A few weeks ago I wrote about social physics, a new discipline that aims to help us better understand and predict the behavior of human groups. Social physics is based on the premise that all event-data representing human activity, - e,g,, phone call records, credit card purchases, taxi rides, web activity, - contain a special set of group behavior patterns. As long as the data involves human activity, - regardless of the type of data, the demographic of the users or the size of the data sets, - similar behavioral dynamics apply. These patterns can be used to detect emerging behavioral trends before they can be observed by other data analytics techniques.
Physics, biology and other natural sciences have long relied on universal patterns or principles to detect a faint signal within a large data set, - i.e., the proverbial needle in a haystack. It’s what has enabled the discovery of very short lived elementary particles in physics, - like the Higgs boson in 2013, - amidst the huge amounts of data generated by high energy particle accelerators. In biology, it’s given rise to DNA sequencing and its growing list of applications in medicine, biotechnology and other disciplines.

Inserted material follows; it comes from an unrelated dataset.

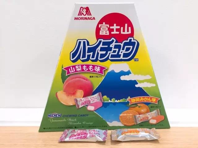这款是富士山麓限定混合版,重现了以富士山融化的雪水而生长的山梨桃子和静冈橘子的果味。香甜的桃汁和鲜榨的橘汁被封存在一颗颗软糖送到嘴边,这是富士山的味道。

It’s not surprising that evolutionary biology and natural selection have led to similar universal patterns in the behavior of human crowds. Humans and our ancestors have evolved with the drive to learn from each other because it’s been a major part of our survival over millions of years. And if a new behavior, - whether the result of an innovative idea like the discovery of tools, or a mutation like a larger brain size, - helps a human group better adapt to a changing environment, natural selection will favor the survival of that group over others.
Social physics originated in MIT’s Human Dynamics Lab based on research by professor Alex (Sandy) Pentland, his then postdoctoral associate Yaniv Altshuler and their various collaborators. In 2014, Pentland and Altshuler co-founded Endor, an Israeli-based startup that leverages social physics methods to make fast accurate predictions by analyzing data derived from human behavior.